Overall Rating Gold - expired
Overall Score 71.58
Liaison James Gordon
Submission Date March 3, 2015
Executive Letter Download

STARS v2.0

Thompson Rivers University
OP-11: Biodiversity

Status Score Responsible Party
Complete 2.00 / 2.00 James Gordon
Environmental Programs and Research Coordinator
TRU Office of Environment and Sustainability
"---" indicates that no data was submitted for this field

Does the institution own or manage land that includes or is adjacent to legally protected areas, internationally recognized areas, priority sites for biodiversity, and/or regions of conservation importance?:
Yes

A brief description of any legally protected areas, internationally recognized areas, priority sites for biodiversity, and/or regions of conservation importance on institution owned or managed land:

The fact that a large portion of the protected TRU natural area lands that are almost directly attached to a major nature park (Kenna Cartright Park) frequented by many types of wildlife (deer, marmots, badgers, owls and other birds, to name some), means that TRU lands are an important wildlife corridor. (At 1977 acres, Kenna Cartright Park, is the largest municipal park in the province, and is only seperated from TRU lands by one road). In conjunction with this, TRU natural area lands are frequented by two species at risk: the Lewis's Woodpecker and the American Badger. Both of these have been monitored on campus by TRU faculty and students.
A grassland restoration project during the summer and fall of 2014 took place to remediate sensitive native grasslands that were severely disturbed. A faculty-student team undertook the project and so far has successfully remediated the land using native plants to repopulate the area. The area will be monitored for plant succession over many years, and a nearby permanent kiosk with educational posters will explain to visitors the nature of the project and the importance of the grasslands.
TRU also owns and operates the Wells Gray Education and Research Centre, located adjacent to the 550,000 hectare Wells Gray Provincial Park, located north of Clearwater, B.C.. The Centre, within close proximity of the park and other crown land officially designated for educational and research purposes, consists of research buildings within a 5 hectare area, as well as a close-by diverse and sensitive ecosystem made up of 65 hectares of land. Wells Gray Park and vicinity are an ecologist's and naturalist's paradise, with a geological past which includes volcanoes and glaciers as well as a recent history of fires and windstorms. All of these factors have created a mosaic of habitats supporting diverse ecological communities.
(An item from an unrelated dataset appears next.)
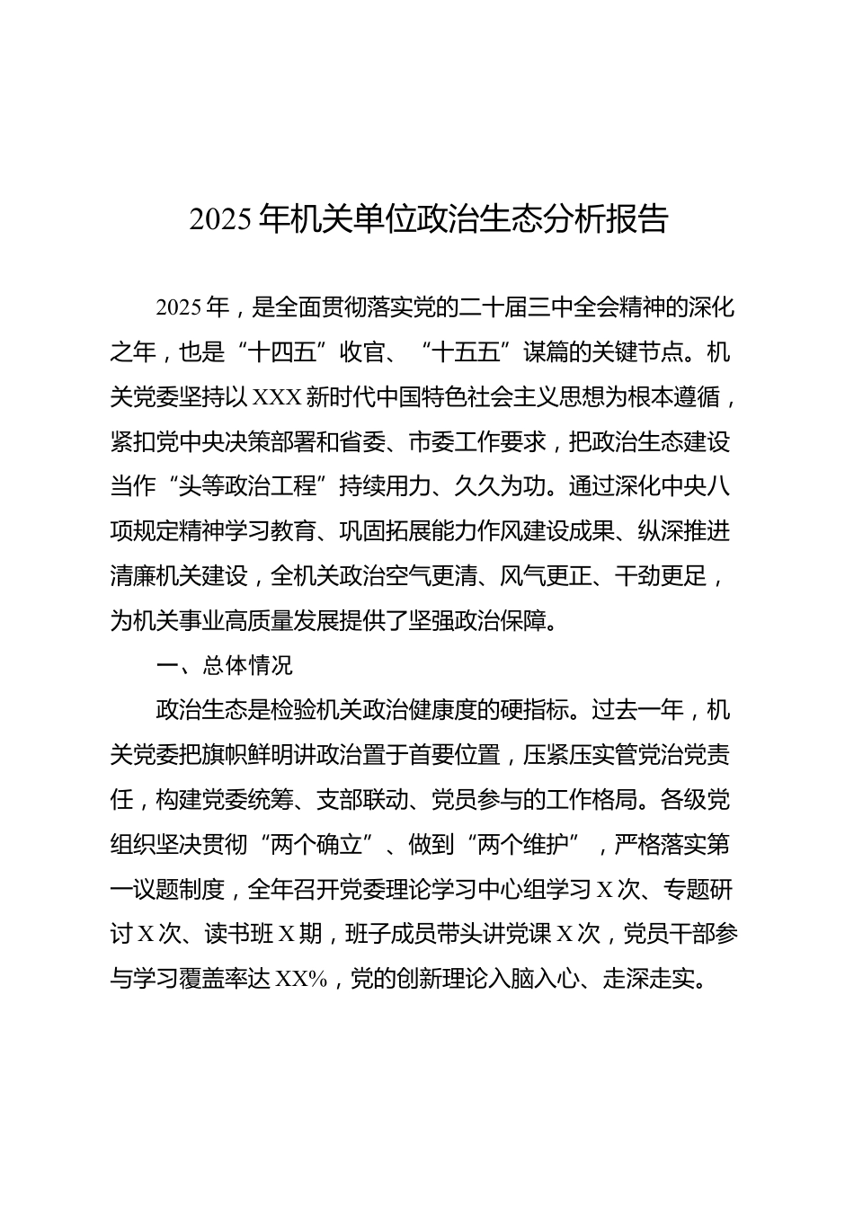 2025年機(jī)關(guān)單位政治生態(tài)分析報(bào)告

Has the institution conducted an assessment or assessments to identify endangered and vulnerable species with habitats on institution-owned or –managed land?:
Yes

Has the institution conducted an assessment or assessments to identify environmentally sensitive areas on institution-owned or –managed land?:
Yes

The methodology(-ies) used to identify endangered and vulnerable species and/or environmentally sensitive areas and any ongoing assessment and monitoring mechanisms:

Several faculty in the Faculty of Science have monitored the two species at risk on the campus over many years: Lewis’s Woodpecker, and American Badger. The badgers in particular received much attention in 2014 when a mother and three kits were found in a den in the heart of the campus: http://inside.tru.ca/2014/07/17/badgers-on-campus-gain-some-attention/.
The methodology used with the grassland restoration project consisted of ensuring no future disturbance of the protected lands would take place; forming a faculty-student team and securing funding for the restoration project; growing new native plants in greenhouses; planting these plants with faculty, students and community volunteers; erecting the educational kiosk (projected to be complete in Spring 2015); and laying out the framework with the faculty and students to continue monitoring the project.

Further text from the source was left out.